Alexander Wheelock Thayer (October 22, 1817 – July 15, 1897) was an American librarian and journalist who became the author of the first scholarly biography of Ludwig van Beethoven, still after many updatings regarded as a standard work of reference on the composer.

Life
In the winter of 1838–39 he was a teacher at the Westfield School in Dedham, Massachusetts.

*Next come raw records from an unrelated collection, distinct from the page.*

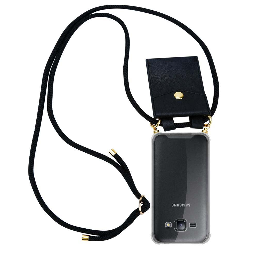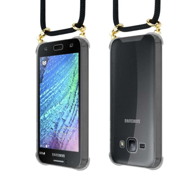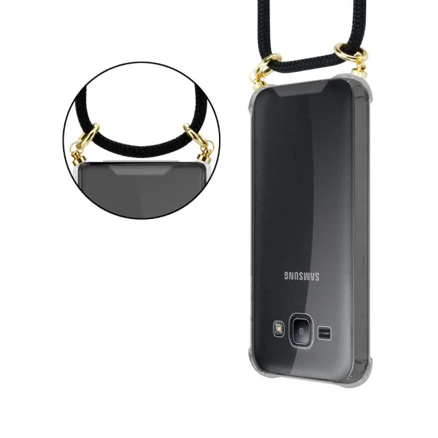 CADORABO Združljivo s Samsungom v črni barvi - silikonski zaščitni pokrov z zlatimi obroči, pasom za vrvi in ​​snemljivim ohišjem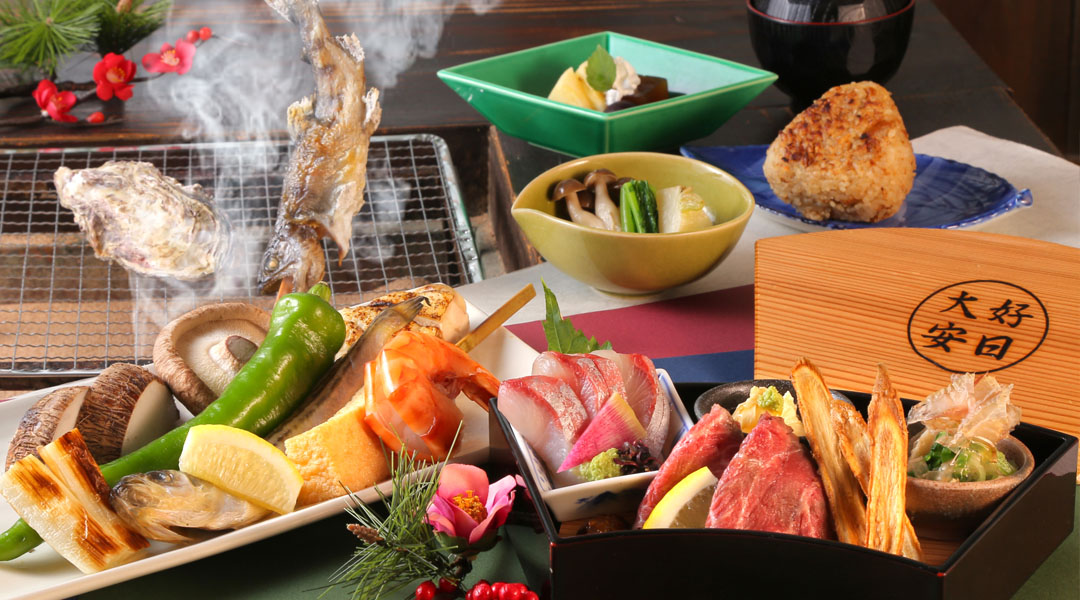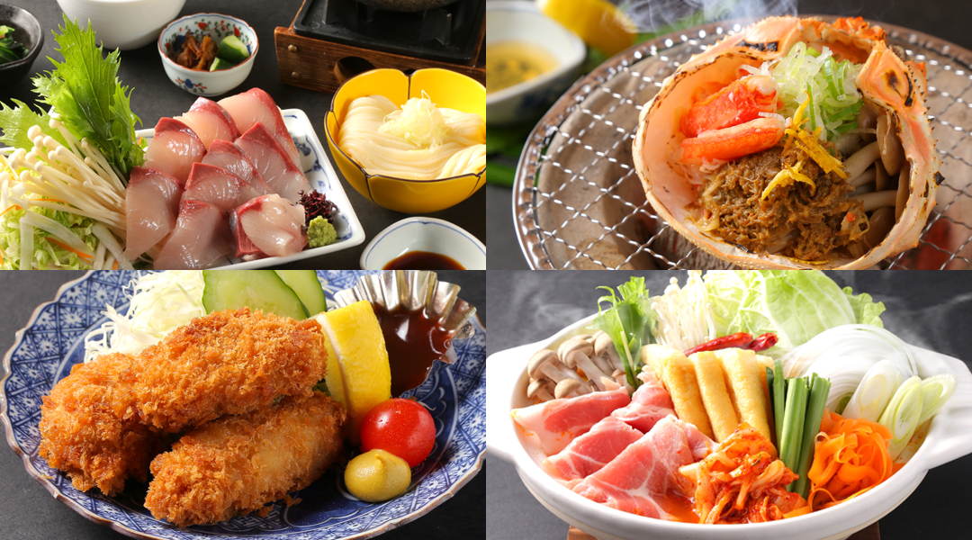 鰤、牡蠣、ハタハタ、冬野菜など季節の食材を使ったお料理と囲炉裏炭火焼き・炉端焼きをご堪能いただけます。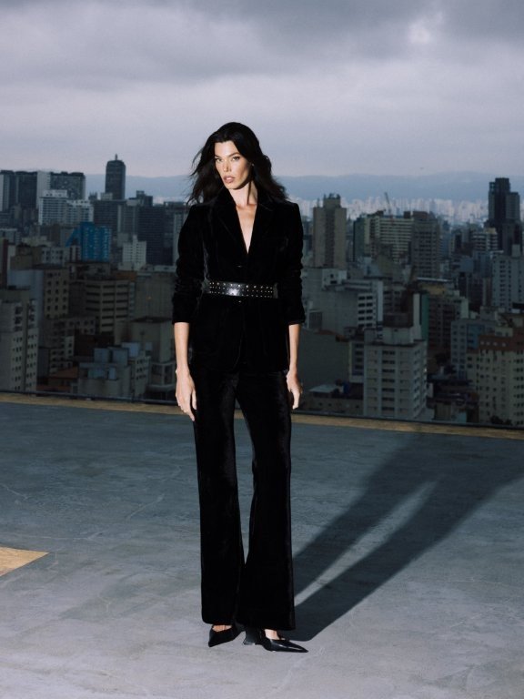 Entre as principais apostas da coleção está o contraste entre peças estruturadas e materiais delicados. Elementos como lã, couro e camurça aparecem em modelagens mais marcantes, enquanto a renda surge como contraponto leve e sensual, explorando transparências e sobreposições.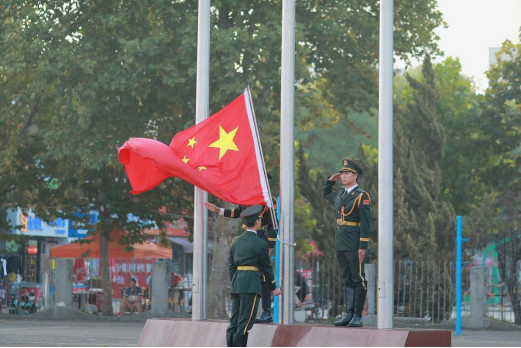 10月1日清晨,资源环境学院、材料科学与工程学院联合组织开展了庆国庆升国旗暨党史学习教育微宣讲活动。校党委副书记侯勇,学校相关单位负责人,两个学院全体领导班子成员、师生代表近1500人参加升旗活动。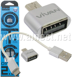 Kabel keluaran Vivan ini digunakan untuk menghubungkan perangkat smartphone (blackberry and android phone/PC tablets) maupun MP3/MP4 player portabel ke komputer atau notebook melalui koneksi port USB. Kabel yang hadir dengan pilihan warna silver dan gold ini biasanya digunakan untuk keperluan transfer data maupun keperluan isi ulang baterai dengan kecepatan tinggi dari port USB komputer atau power bank portabel yang mendukung konektor standard Micro USB segala versi. Disediakan konektor USB OTG Micro pada setiap paket penjualannya.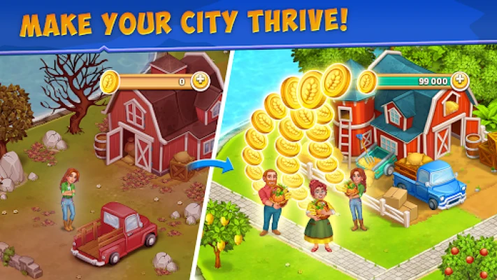 Grow wheat and corn, cow and chicken on village farm near city township. Build a dream city - only on your decision depends on what your city will be!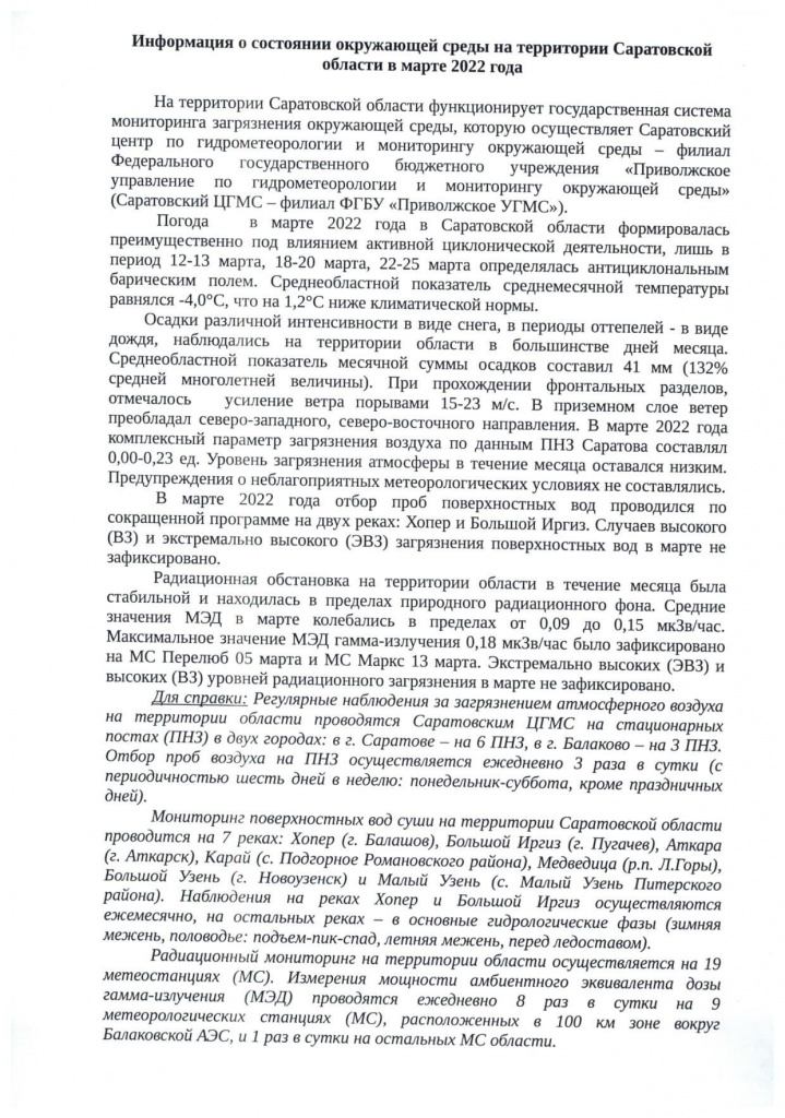 Информация о состоянии окружающей среды на территории Саратовской области в марте 2022 года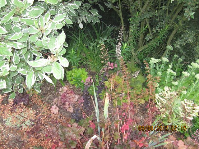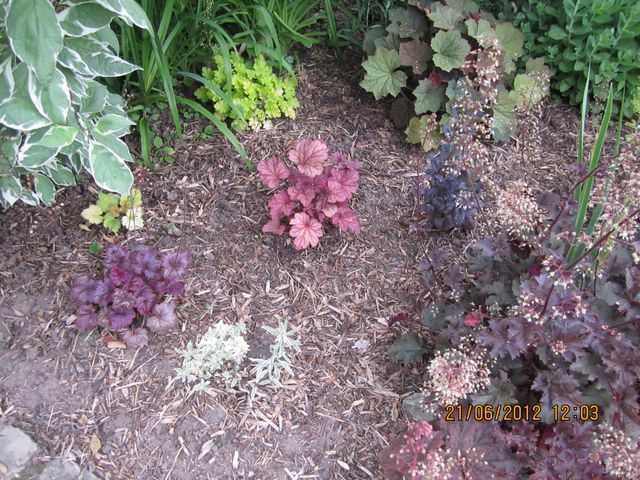 voici ce qu' était ce massif en avril : voici ce qu'il était en juin : et voici ce qu'il est devenu à cause de cette pluie perpétuelle ! tout a pris des proportions ++énormes . j'ai déjà retiré les géraniums, vais donner les asters sous peu ! on ne voit pplus les hellebores !!.. j'ai surtout des heucheres qui se sont épanouies au max malgré la perte de caramel et deux autres qui ont gegé. ce qui estte est superbe ! mais puis je les boutureer, jouer en quinconce sur les couleurs alternance avec euphorbes et sedums divers ?? en supprimant toutes autres plantes !! etc..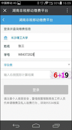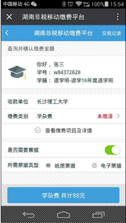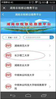3、进入湖南省非税移动缴费平台-》教育-》选择学校(威廉体育williamhill)-》进入登录界面,输入学生姓名,学号栏可以输入学号或者身份证号,在此选择缴费类型,缴费类型有“学杂费”、“重修费”、“报名考试费”、“其他费用”。缴费时请选择相应缴费类型。
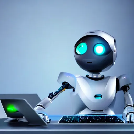 generate an AI robot typing in front of a computer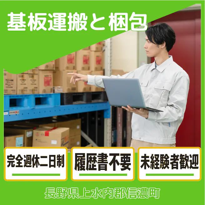 給与詳細 月収例 192,000円 時給例 1,200円 勤務地 長野県上水内郡信濃町 仕事内容 納品パレット貨物の構内運搬、製品開梱、梱包等の出庫業務、文書保存箱の入出庫業務などカンタンなお仕事です!未経験歓迎!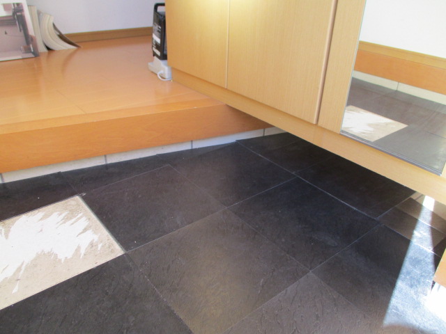 適切なオープンタイムを経て最高の接着状態になった床に対して新たなフロアタイルを一枚ずつズレのないように隙間なく張り詰めていきます。玄関の框と呼ばれる段差の部分や壁際などの複雑な形状に合わせてカッターで精密な切り込みを入れピッタリと収まるように加工を施します。このようにただ張るだけではなく古い糊の除去からパテ埋めそしてオープンタイムの徹底した管理など数多くの重要な工程が存在するため居室のように面積が広くない玄関の土間であっても完璧に仕上げるためにはそれなりに長いお時間を頂戴することになります。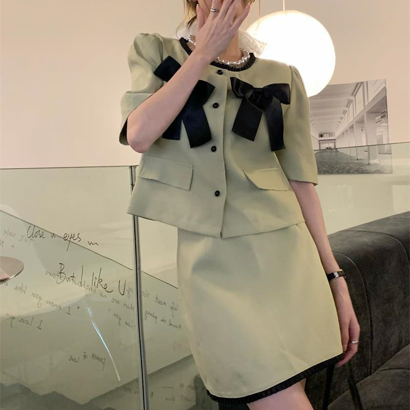 [리본 투피스 정장/하객룩 모임룩 코디]시크 모던 여름 슬림핏 일자핏 퍼프소매 라운드넥 싱글단추 프릴 가디건 자켓/배색 A라인 일자핏 미니 숏 크롭 스커트 치마/러블리 소개팅 성공 세트 코디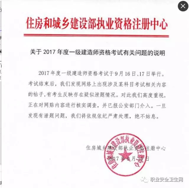 2017年度一级建造师资格考试于9月16日、17日举行。考试结束后,我们发现网络上出现涉及某科目考试相关内容的帖子,有考生反映存在疑似泄题情况。对此我们高度重视,正在对网贴内容进行核实调查,并已报公安部介入。一旦发现有泄题问题,我们将依规依纪严肃处理,绝不姑息。
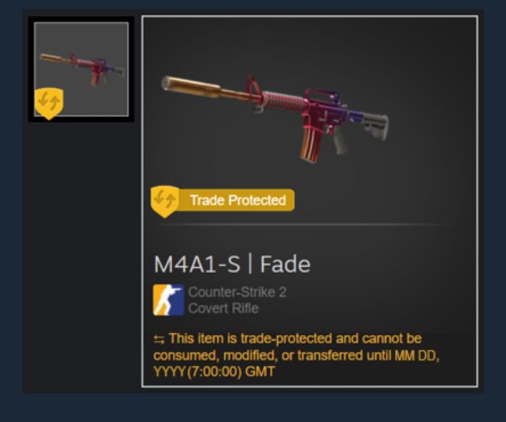 在7月17日的更新中,v社对cs2的交易新增了交易保护机制,目前所有的cs2交易在进行交易之后,库存物品会进入“交易保护”。具体说明如下:当涉及支持交易保护的游戏物品的交易确认后,物品会立即送达,您可以在游戏中装备并使用它们。在接下来的 7 天内,这些物品被视为处于“交易保护”状态,不能被消耗、修改或转移。一旦 7 天期限到期,交易保护状态即失效,该交易将无法再被撤销。简而言之是玩家通过交易卖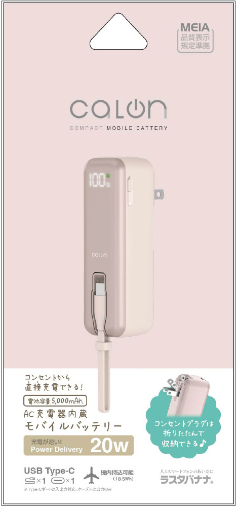 calon 5000mAh ACモバイルバッテリー Cポート×1 Cケーブル×1 PD20W スモーキーピンク RLI050AC20W01SPK [USB Power Delivery対応 /1ポート]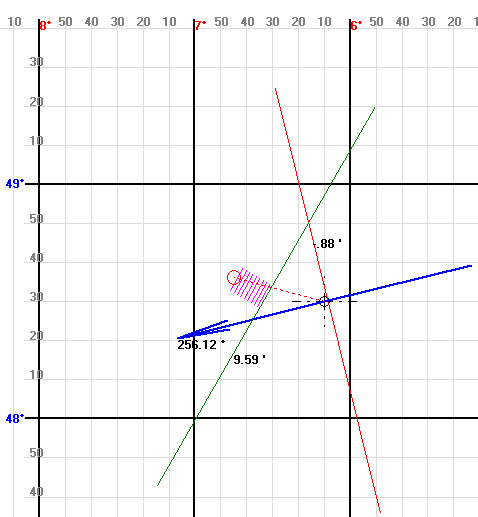 La droite de 16h01 est en rouge, la droite transportée est verte, le point d'estime est le rond rouge dessiné, le pointillé rouge est la route suivie entre les mesures.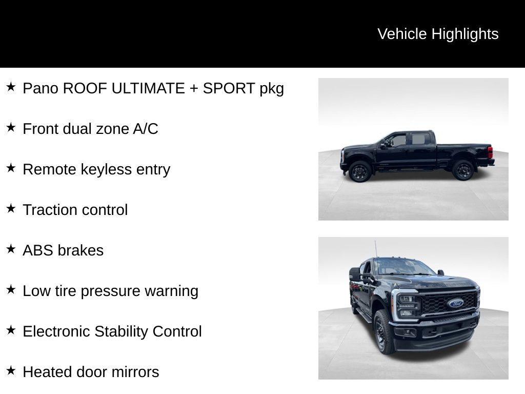 4WD, ABS brakes, Alloy wheels, Compass, Electronic Stability Control, Electronic-Locking w/3.31 Axle Ratio, Front dual zone A/C, Heated door mirrors, Heated front seats, Heated rear seats, Illuminated entry, Low tire pressure warning, Remote keyless entry, Traction control, 4-Way Adjustable Headrests, 4-Wheel Disc Brakes, 8 Speakers, Adjustable pedals, Air Conditioning, AM/FM radio: SiriusXM with 360L, Auto High-beam Headlights, Auto tilt-away steering wheel, Auto-dimming Rear-View mirror, Automatic temperature control, Black Tow Hooks, Body-Color Front & Rear Bumpers, Body-Color Mirror Caps, Brake assist, Bumpers: chrome, Chrome Exhaust Tip, Dark Painted Grille, Delay-off headlights, Driver door bin, Driver vanity mirror, Dual front impact airbags, Dual front side impact airbags, Emergency communication system: SYNC 4 911 Assist, Exterior Parking Camera Rear, F-250 >10K GVWR Package, Flow-Through Console, Front anti-roll bar, Front Bucket Seats, Front Center Armrest, Front fog lights, Front Leather-Trimmed 40/Console/40 Seats, Front reading lights, Front Sensing System, Fully automatic headlights, Garage door transmitter, Head-Up Display, Heated steering wheel, Intelligent Adaptive Cruise Control w/Stop-and-Go, Lane Keeping Assist, Lariat Ultimate Package, Leather steering wheel, Memory seat, Navigation system: Connected Navigation, Order Code 608A, Outside temperature display, Overhead airbag, Overhead console, Panic alarm, Passenger door bin, Passenger vanity mirror, Pedal memory, Platform Running Boards, Power door mirrors, Power driver seat, Power passenger seat, Power steering, Power windows, Power-Deployable Running Boards, Pro Trailer Backup Assist, Pro Trailer Hitch Assist, Radio: B&O Sound System by Bang & Olufsen, Radio: B&O Unleashed Sound System by Bang & Olufsen, Rain sensing wipers, Rear reading lights, Rear seat center armrest, Rear step bumper, Rear window defroster, Security system, SiriusXM Radio w/360L, Speed control, Split folding rear seat, Sport 4x4 Box Side Decal, Sport Appearance Package, Steering wheel memory, Steering wheel mounted audio controls, SYNC 4 w/Enhanced Voice Recognition, Tachometer, Tailgate Step & Handle, Telescoping steering wheel, Tilt steering wheel, Tow Technology Package, Trip computer, Turn signal indicator mirrors, Twin Panel Power Moonroof, Upfitter Switches (6), Variably intermittent wipers, Ventilated front seats, Wheels: 18" Bright Machined & Carbonized Gray Alum, Wheels: 20" Dark Carbonized Gray Painted Aluminum, Wireless Charging Pad, Pano ROOF ULTIMATE + SPORT pkg, 4WD, ABS brakes, Alloy wheels, Compass, Electronic Stability Control, Electronic-Locking w/3.31 Axle Ratio, Front dual zone A/C, Heated door mirrors, Heated front seats, Heated rear seats, Illuminated entry, Low tire pressure warning, Remote keyless entry, Traction control.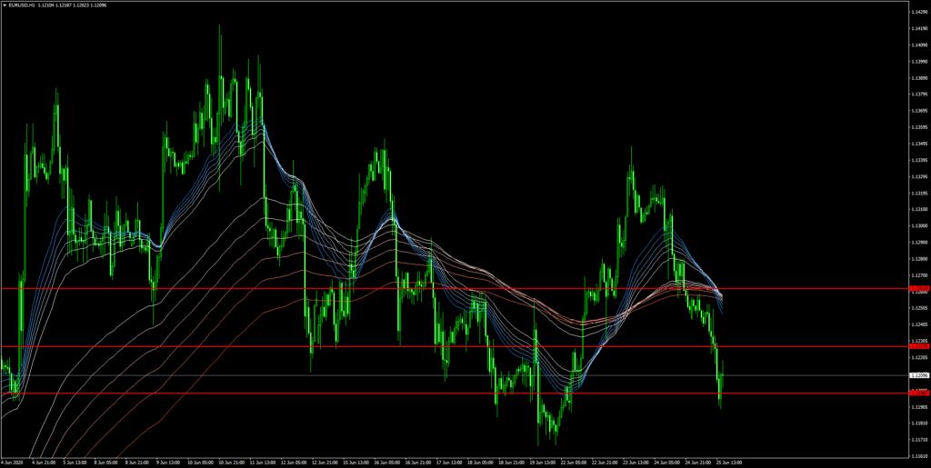 『GMMAトレード手法』を使った実際のトレードについて解説しています。尚、私は1時間足でこのトレード手法を使っています。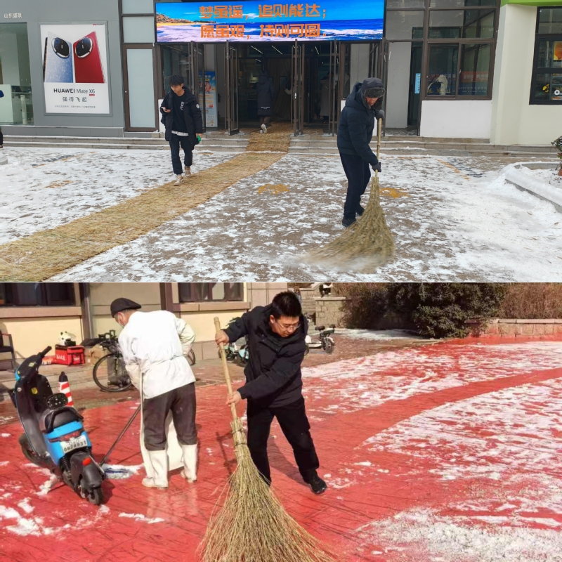 (相关后勤服务保障场所的工作人员也同时主动做好门前积雪清扫和室内防滑工作,保障师生出入安全。)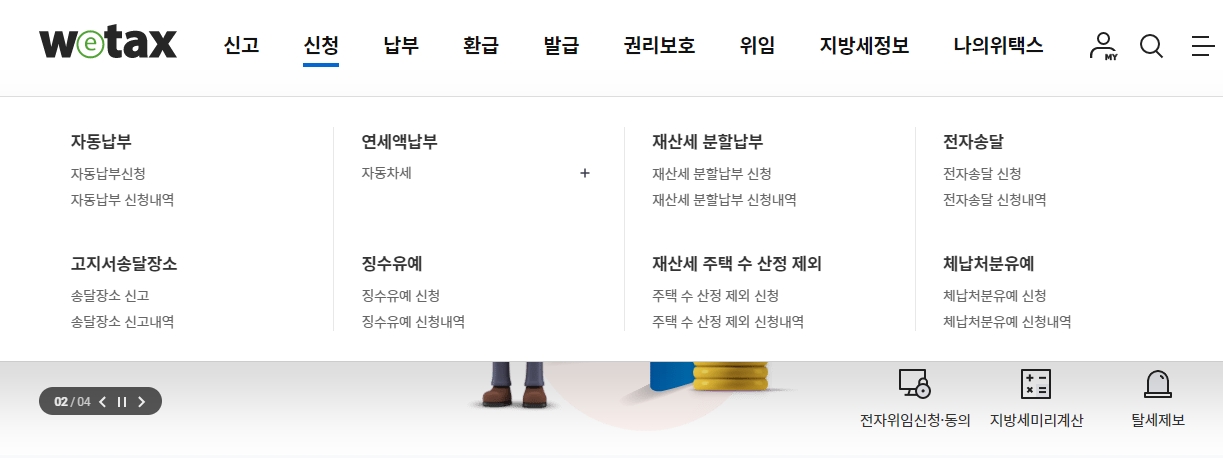 4. 신청 메뉴에서는 자동차납부, 연세액납부, 고지서송달장소, 징수유예, 재산세 분할납부, 재산세 주택 수 산정 제외, 전자송달, 체납처분유예 등을 신청할 수 있습니다.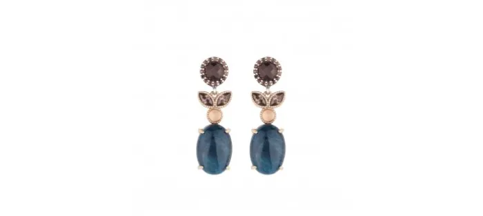 Pendientes de plata de primera ley (925) con baño de oro rosa, Cuarzo rosa, Granate, Apatito y Circonitas.
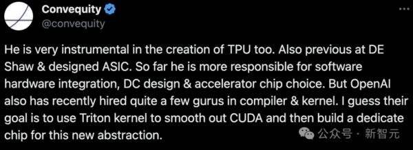 “他在TPU的创建中也发挥了重要作用。也曾在DE Shaw工作并设计过ASIC。到目前为止,他更多地负责软件硬件集成、DC设计和加速器芯片选择。但OpenAI最近也聘请了不少编译器和内核方面的专家。”
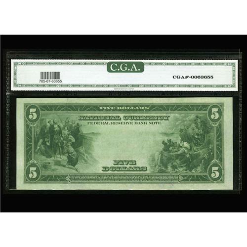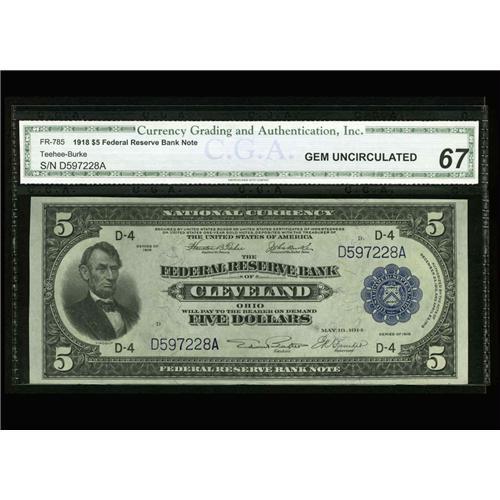<B>Fr. 785 $5 1918 Federal Reserve Bank Note CGA Gem Uncirculated 67.</B></I> This Cleveland District FRBN Five is a simply lovely piece, with boardwalk margins all the way around, bright colors and perfect centering of both sides. A very lovely example of a type that we have always felt is considerably underrated in top grade.

Originally a librarian at Harvard Law School, Thayer became aware of many discrepancies in the biography of Beethoven by Anton Schindler, Beethoven's sometime amanuensis, which had first appeared in 1840. (Schindler's reliability has since been extensively discussed by later scholars). In 1849 Thayer sailed for Europe to undertake his own researches, learning German and collecting information. Supporting himself by journalism and after many privations, he was eventually appointed US Consul in Trieste, where he was able to pursue his labours. The first edition of the biography, (in German), in three volumes, covering Beethoven's life to 1816, appeared between 1866 and 1879. The work was completed by Thayer's German colleague Hermann Deiters and, after Deiters's death, by Hugo Riemann, who created the posthumously published volumes No. 4 (1907) and No. 5 (1908) from Thayer's notes, covering the years 1817 to Beethoven's death in 1827.

Thayer's work on Beethoven set a benchmark for modern standards of accuracy, research and analysis in biography.

In 1865 Thayer wrote: 
I fight for no theories and cherish no prejudices; my sole point of view is the truth.

Henry Krehbiel, who created the first English edition of the biography in 1921, wrote of Thayer in 1917:
His industry, zeal, keen power of analysis, candor and fair-mindedness won the confidence of all with whom he came into contact except the literary charlatans whose romances he was bent on destroying in the interest of the verities of history.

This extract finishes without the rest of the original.